Input records Start Marker

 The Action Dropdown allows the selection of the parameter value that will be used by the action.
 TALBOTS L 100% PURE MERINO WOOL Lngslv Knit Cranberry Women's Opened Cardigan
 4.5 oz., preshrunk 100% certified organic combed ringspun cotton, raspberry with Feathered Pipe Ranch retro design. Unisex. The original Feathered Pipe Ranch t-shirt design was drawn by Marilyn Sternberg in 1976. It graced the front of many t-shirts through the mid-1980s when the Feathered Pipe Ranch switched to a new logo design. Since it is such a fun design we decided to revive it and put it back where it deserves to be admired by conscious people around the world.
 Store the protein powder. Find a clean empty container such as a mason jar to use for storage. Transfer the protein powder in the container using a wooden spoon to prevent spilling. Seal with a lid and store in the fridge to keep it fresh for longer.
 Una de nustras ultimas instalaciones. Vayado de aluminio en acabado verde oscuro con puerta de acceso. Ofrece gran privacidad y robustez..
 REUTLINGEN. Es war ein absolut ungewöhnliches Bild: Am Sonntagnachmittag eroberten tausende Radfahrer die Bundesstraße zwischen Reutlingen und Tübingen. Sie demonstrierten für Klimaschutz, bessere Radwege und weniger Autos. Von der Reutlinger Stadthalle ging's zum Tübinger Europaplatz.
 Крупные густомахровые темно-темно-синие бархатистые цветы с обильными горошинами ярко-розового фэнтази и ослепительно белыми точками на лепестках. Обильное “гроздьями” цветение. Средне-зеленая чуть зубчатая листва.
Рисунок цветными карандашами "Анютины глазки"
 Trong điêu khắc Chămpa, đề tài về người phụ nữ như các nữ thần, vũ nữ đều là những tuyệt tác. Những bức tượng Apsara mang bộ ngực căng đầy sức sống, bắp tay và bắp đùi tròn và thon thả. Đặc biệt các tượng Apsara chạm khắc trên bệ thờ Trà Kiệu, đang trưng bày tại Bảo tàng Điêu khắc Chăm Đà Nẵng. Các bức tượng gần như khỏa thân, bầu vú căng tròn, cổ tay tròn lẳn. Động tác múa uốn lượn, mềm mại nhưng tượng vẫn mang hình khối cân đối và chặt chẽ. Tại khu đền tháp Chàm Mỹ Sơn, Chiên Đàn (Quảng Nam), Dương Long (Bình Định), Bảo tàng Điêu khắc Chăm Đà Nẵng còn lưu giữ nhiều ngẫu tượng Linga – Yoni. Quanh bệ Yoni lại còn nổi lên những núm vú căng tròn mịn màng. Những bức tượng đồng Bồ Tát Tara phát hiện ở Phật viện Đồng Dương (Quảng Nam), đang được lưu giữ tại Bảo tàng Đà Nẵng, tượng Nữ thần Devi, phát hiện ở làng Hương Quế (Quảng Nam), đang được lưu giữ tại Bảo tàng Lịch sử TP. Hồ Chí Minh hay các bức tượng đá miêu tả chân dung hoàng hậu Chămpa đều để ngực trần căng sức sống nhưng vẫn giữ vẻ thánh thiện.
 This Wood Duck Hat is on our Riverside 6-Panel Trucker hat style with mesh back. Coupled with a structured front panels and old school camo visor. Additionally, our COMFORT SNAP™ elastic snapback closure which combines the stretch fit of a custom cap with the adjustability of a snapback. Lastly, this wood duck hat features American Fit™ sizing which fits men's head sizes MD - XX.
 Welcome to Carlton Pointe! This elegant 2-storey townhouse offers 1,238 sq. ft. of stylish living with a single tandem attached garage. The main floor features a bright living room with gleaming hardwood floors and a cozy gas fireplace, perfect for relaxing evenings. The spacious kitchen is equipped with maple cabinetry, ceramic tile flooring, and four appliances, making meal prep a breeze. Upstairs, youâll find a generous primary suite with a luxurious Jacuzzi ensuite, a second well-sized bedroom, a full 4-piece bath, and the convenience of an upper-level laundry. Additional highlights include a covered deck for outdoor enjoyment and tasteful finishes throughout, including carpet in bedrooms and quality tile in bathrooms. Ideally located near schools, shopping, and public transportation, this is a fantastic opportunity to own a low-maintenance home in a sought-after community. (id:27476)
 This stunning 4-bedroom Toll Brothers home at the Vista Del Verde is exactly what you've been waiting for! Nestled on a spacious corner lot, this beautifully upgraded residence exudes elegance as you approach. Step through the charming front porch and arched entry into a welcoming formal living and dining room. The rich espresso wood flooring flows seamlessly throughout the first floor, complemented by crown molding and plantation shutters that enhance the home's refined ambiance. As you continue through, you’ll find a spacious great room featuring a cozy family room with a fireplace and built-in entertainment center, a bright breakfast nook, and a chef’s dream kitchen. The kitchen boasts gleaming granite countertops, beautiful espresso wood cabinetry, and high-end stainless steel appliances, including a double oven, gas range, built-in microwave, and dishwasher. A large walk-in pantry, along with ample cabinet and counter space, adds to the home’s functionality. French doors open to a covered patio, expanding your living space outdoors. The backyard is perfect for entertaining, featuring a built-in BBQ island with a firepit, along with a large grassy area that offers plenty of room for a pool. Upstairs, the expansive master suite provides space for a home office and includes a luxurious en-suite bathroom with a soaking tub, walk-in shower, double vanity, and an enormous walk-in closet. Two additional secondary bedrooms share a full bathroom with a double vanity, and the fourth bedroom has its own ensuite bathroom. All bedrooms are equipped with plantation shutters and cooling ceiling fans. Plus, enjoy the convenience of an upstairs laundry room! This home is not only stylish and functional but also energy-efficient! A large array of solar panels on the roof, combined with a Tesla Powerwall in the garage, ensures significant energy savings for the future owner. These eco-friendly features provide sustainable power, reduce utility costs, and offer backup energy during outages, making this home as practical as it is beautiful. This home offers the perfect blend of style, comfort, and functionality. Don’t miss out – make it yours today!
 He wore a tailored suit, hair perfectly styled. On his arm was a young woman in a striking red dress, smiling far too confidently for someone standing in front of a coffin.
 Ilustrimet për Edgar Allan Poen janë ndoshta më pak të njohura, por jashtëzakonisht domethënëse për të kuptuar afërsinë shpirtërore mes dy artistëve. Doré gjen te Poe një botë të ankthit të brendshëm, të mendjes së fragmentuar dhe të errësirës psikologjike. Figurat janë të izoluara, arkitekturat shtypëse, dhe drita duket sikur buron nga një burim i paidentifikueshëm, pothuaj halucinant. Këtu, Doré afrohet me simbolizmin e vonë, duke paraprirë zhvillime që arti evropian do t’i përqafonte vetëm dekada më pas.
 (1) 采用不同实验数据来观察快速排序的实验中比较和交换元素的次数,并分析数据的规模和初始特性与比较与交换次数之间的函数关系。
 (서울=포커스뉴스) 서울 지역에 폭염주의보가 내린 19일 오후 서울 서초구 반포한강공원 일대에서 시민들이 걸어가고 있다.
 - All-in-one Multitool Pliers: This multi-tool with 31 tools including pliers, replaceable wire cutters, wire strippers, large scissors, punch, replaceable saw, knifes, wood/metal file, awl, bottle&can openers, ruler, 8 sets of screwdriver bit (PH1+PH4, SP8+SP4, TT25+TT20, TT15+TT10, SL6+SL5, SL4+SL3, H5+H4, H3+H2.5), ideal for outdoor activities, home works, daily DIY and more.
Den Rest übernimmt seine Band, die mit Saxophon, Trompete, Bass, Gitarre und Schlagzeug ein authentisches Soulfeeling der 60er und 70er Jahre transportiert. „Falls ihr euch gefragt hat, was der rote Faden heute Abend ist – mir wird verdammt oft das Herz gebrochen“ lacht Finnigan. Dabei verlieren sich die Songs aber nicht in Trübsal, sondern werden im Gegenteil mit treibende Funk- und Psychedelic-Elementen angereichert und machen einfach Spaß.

Input records End Marker

Each record must appear again, word for word.

:: Result ::
 The Action Dropdown allows the selection of the parameter value that will be used by the action.
 TALBOTS L 100% PURE MERINO WOOL Lngslv Knit Cranberry Women's Opened Cardigan
 4.5 oz., preshrunk 100% certified organic combed ringspun cotton, raspberry with Feathered Pipe Ranch retro design. Unisex. The original Feathered Pipe Ranch t-shirt design was drawn by Marilyn Sternberg in 1976. It graced the front of many t-shirts through the mid-1980s when the Feathered Pipe Ranch switched to a new logo design. Since it is such a fun design we decided to revive it and put it back where it deserves to be admired by conscious people around the world.
 Store the protein powder. Find a clean empty container such as a mason jar to use for storage. Transfer the protein powder in the container using a wooden spoon to prevent spilling. Seal with a lid and store in the fridge to keep it fresh for longer.
 Una de nustras ultimas instalaciones. Vayado de aluminio en acabado verde oscuro con puerta de acceso. Ofrece gran privacidad y robustez..
 REUTLINGEN. Es war ein absolut ungewöhnliches Bild: Am Sonntagnachmittag eroberten tausende Radfahrer die Bundesstraße zwischen Reutlingen und Tübingen. Sie demonstrierten für Klimaschutz, bessere Radwege und weniger Autos. Von der Reutlinger Stadthalle ging's zum Tübinger Europaplatz.
 Крупные густомахровые темно-темно-синие бархатистые цветы с обильными горошинами ярко-розового фэнтази и ослепительно белыми точками на лепестках. Обильное “гроздьями” цветение. Средне-зеленая чуть зубчатая листва.
Рисунок цветными карандашами "Анютины глазки"
 Trong điêu khắc Chămpa, đề tài về người phụ nữ như các nữ thần, vũ nữ đều là những tuyệt tác. Những bức tượng Apsara mang bộ ngực căng đầy sức sống, bắp tay và bắp đùi tròn và thon thả. Đặc biệt các tượng Apsara chạm khắc trên bệ thờ Trà Kiệu, đang trưng bày tại Bảo tàng Điêu khắc Chăm Đà Nẵng. Các bức tượng gần như khỏa thân, bầu vú căng tròn, cổ tay tròn lẳn. Động tác múa uốn lượn, mềm mại nhưng tượng vẫn mang hình khối cân đối và chặt chẽ. Tại khu đền tháp Chàm Mỹ Sơn, Chiên Đàn (Quảng Nam), Dương Long (Bình Định), Bảo tàng Điêu khắc Chăm Đà Nẵng còn lưu giữ nhiều ngẫu tượng Linga – Yoni. Quanh bệ Yoni lại còn nổi lên những núm vú căng tròn mịn màng. Những bức tượng đồng Bồ Tát Tara phát hiện ở Phật viện Đồng Dương (Quảng Nam), đang được lưu giữ tại Bảo tàng Đà Nẵng, tượng Nữ thần Devi, phát hiện ở làng Hương Quế (Quảng Nam), đang được lưu giữ tại Bảo tàng Lịch sử TP. Hồ Chí Minh hay các bức tượng đá miêu tả chân dung hoàng hậu Chămpa đều để ngực trần căng sức sống nhưng vẫn giữ vẻ thánh thiện.
 This Wood Duck Hat is on our Riverside 6-Panel Trucker hat style with mesh back. Coupled with a structured front panels and old school camo visor. Additionally, our COMFORT SNAP™ elastic snapback closure which combines the stretch fit of a custom cap with the adjustability of a snapback. Lastly, this wood duck hat features American Fit™ sizing which fits men's head sizes MD - XX.
 Welcome to Carlton Pointe! This elegant 2-storey townhouse offers 1,238 sq. ft. of stylish living with a single tandem attached garage. The main floor features a bright living room with gleaming hardwood floors and a cozy gas fireplace, perfect for relaxing evenings. The spacious kitchen is equipped with maple cabinetry, ceramic tile flooring, and four appliances, making meal prep a breeze. Upstairs, youâll find a generous primary suite with a luxurious Jacuzzi ensuite, a second well-sized bedroom, a full 4-piece bath, and the convenience of an upper-level laundry. Additional highlights include a covered deck for outdoor enjoyment and tasteful finishes throughout, including carpet in bedrooms and quality tile in bathrooms. Ideally located near schools, shopping, and public transportation, this is a fantastic opportunity to own a low-maintenance home in a sought-after community. (id:27476)
 This stunning 4-bedroom Toll Brothers home at the Vista Del Verde is exactly what you've been waiting for! Nestled on a spacious corner lot, this beautifully upgraded residence exudes elegance as you approach. Step through the charming front porch and arched entry into a welcoming formal living and dining room. The rich espresso wood flooring flows seamlessly throughout the first floor, complemented by crown molding and plantation shutters that enhance the home's refined ambiance. As you continue through, you’ll find a spacious great room featuring a cozy family room with a fireplace and built-in entertainment center, a bright breakfast nook, and a chef’s dream kitchen. The kitchen boasts gleaming granite countertops, beautiful espresso wood cabinetry, and high-end stainless steel appliances, including a double oven, gas range, built-in microwave, and dishwasher. A large walk-in pantry, along with ample cabinet and counter space, adds to the home’s functionality. French doors open to a covered patio, expanding your living space outdoors. The backyard is perfect for entertaining, featuring a built-in BBQ island with a firepit, along with a large grassy area that offers plenty of room for a pool. Upstairs, the expansive master suite provides space for a home office and includes a luxurious en-suite bathroom with a soaking tub, walk-in shower, double vanity, and an enormous walk-in closet. Two additional secondary bedrooms share a full bathroom with a double vanity, and the fourth bedroom has its own ensuite bathroom. All bedrooms are equipped with plantation shutters and cooling ceiling fans. Plus, enjoy the convenience of an upstairs laundry room! This home is not only stylish and functional but also energy-efficient! A large array of solar panels on the roof, combined with a Tesla Powerwall in the garage, ensures significant energy savings for the future owner. These eco-friendly features provide sustainable power, reduce utility costs, and offer backup energy during outages, making this home as practical as it is beautiful. This home offers the perfect blend of style, comfort, and functionality. Don’t miss out – make it yours today!
 He wore a tailored suit, hair perfectly styled. On his arm was a young woman in a striking red dress, smiling far too confidently for someone standing in front of a coffin.
 Ilustrimet për Edgar Allan Poen janë ndoshta më pak të njohura, por jashtëzakonisht domethënëse për të kuptuar afërsinë shpirtërore mes dy artistëve. Doré gjen te Poe një botë të ankthit të brendshëm, të mendjes së fragmentuar dhe të errësirës psikologjike. Figurat janë të izoluara, arkitekturat shtypëse, dhe drita duket sikur buron nga një burim i paidentifikueshëm, pothuaj halucinant. Këtu, Doré afrohet me simbolizmin e vonë, duke paraprirë zhvillime që arti evropian do t’i përqafonte vetëm dekada më pas.
 (1) 采用不同实验数据来观察快速排序的实验中比较和交换元素的次数,并分析数据的规模和初始特性与比较与交换次数之间的函数关系。
 (서울=포커스뉴스) 서울 지역에 폭염주의보가 내린 19일 오후 서울 서초구 반포한강공원 일대에서 시민들이 걸어가고 있다.
 - All-in-one Multitool Pliers: This multi-tool with 31 tools including pliers, replaceable wire cutters, wire strippers, large scissors, punch, replaceable saw, knifes, wood/metal file, awl, bottle&can openers, ruler, 8 sets of screwdriver bit (PH1+PH4, SP8+SP4, TT25+TT20, TT15+TT10, SL6+SL5, SL4+SL3, H5+H4, H3+H2.5), ideal for outdoor activities, home works, daily DIY and more.
Den Rest übernimmt seine Band, die mit Saxophon, Trompete, Bass, Gitarre und Schlagzeug ein authentisches Soulfeeling der 60er und 70er Jahre transportiert. „Falls ihr euch gefragt hat, was der rote Faden heute Abend ist – mir wird verdammt oft das Herz gebrochen“ lacht Finnigan. Dabei verlieren sich die Songs aber nicht in Trübsal, sondern werden im Gegenteil mit treibende Funk- und Psychedelic-Elementen angereichert und machen einfach Spaß.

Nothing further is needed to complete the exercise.